Challenge: Leave $5 in an envelope labeled “For You” on a coworker’s desk without signing your name.
Religious leaders prayed on street corners, elongating vowels for effect. Jesus told His followers: “Go into your room, shut the door.” He painted a picture of solitary prayer—no audience, no eloquence, just raw words spoken to a Father who leans close. [59:47]
Public prayers often perform for people. Private prayers commune with God. The closed door strips away pretense, forcing us to confront our true selves. Jesus cares less about polished words than honest hearts.
How would your prayer life change if no human ever heard it? This week, trade one public “bless this food” for a silent moment of true gratitude. When you pray alone, do you still pray—or has your faith become a performance?
“But when you pray, go into your room, close the door and pray to your Father, who is unseen. Then your Father, who sees what is done in secret, will reward you.”
(Matthew 6:6, ESV)
Prayer: Confess one area of your life you’ve avoided discussing with God.
Challenge: Set a timer for 10 minutes. Pray aloud in an empty room with your phone face-down.
A Pharisee scrubbed his dishes meticulously before community meals, ensuring others saw his ritual purity. Jesus rebuked such theater: “Man looks at the outward appearance, but the Lord looks at the heart.” God sees the grumbling as you wash dishes, the resentment as you serve leftovers. [56:28]
Righteousness isn’t about perfect behavior, but surrendered motives. God cares less about spotless kitchens than servant hearts. Even mundane tasks become worship when done for His eyes alone.
What chore do you resent? Today, scrub that toilet or fold that laundry as an act of love for God. Would you still serve if no one praised your diligence?
“Whatever you do, work at it with all your heart, as working for the Lord, not for human masters.”
(Colossians 3:23, ESV)
Prayer: Thank God for three mundane tasks He’s entrusted to you this week.
Challenge: Complete one household chore today while whispering, “This is for You, Jesus.”
David wrote, “You know when I sit and when I rise.” He pictured God tracking his daily rhythms—the midnight worries, the rushed mornings, the exhausted evenings. No detail escapes the Father’s gaze. [01:02:01]
God isn’t a distant judge tallying failures. He’s a Father intimately aware of your hidden struggles. He sees the tear you wipe quickly, the bitterness you swallow, the doubt you hide.
What secret thought have you avoided bringing to God? Write it down. Burn it. Speak it aloud to your Father. What would change if you believed He already knows—and still loves you?

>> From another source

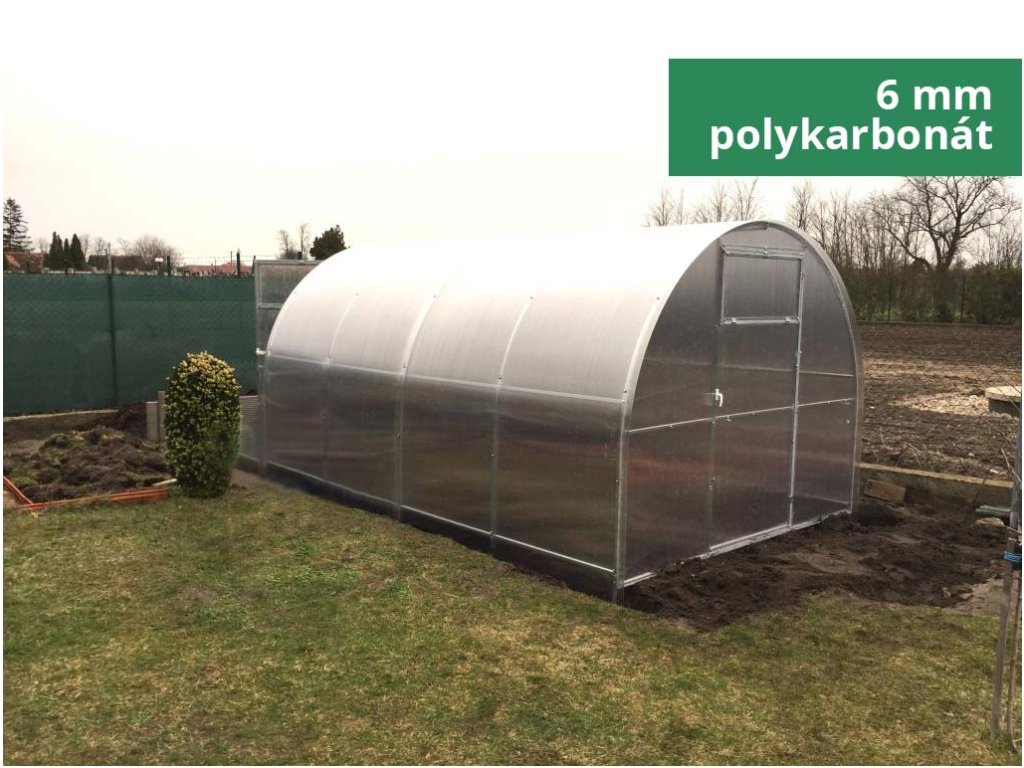 Zasklení skleníku je tvořeno čirým dutinkovým (komůrkovým) polykarbonátem o tloušťce 6 mm s UV ochranou, která zamezuje křehnutí materiálu a změně barvy. Polykarbonát je samozřejmě certifikovaný a splňuje veškeré podmínky zdravotní nezávadnosti.

“You have searched me, Lord, and you know me. You know when I sit and when I rise; you perceive my thoughts from afar.”
(Psalm 139:1-2, ESV)
Prayer: Ask God to help you trust His knowledge of your hidden struggles.
Challenge: Write one unspoken fear on a scrap of paper, then tear it up during prayer.
Jesus taught His disciples to pray for daily bread, not yearly stockpiles. He linked forgiveness to daily survival—as essential as food. The prayer ends not with applause, but with a quiet “Amen.” No audience. No fanfare. Just dependence. [01:04:14]
This prayer rejects self-sufficiency. To ask for daily bread is to admit need. To request forgiveness is to acknowledge failure. God honors raw dependence over polished self-reliance.
When did you last pray for “daily bread” instead of lifelong security? Recite the Lord’s Prayer slowly today, pausing at each line. What would it cost you to live this prayer authentically?
“Our Father in heaven, hallowed be your name, your kingdom come, your will be done, on earth as it is in heaven. Give us today our daily bread. And forgive us our debts, as we also have forgiven our debtors.”
(Matthew 6:9-12, ESV)
Prayer: Confess one area where you rely on self-sufficiency instead of God.
Challenge: Pray the Lord’s Prayer at noon today, emphasizing each line like a conversation.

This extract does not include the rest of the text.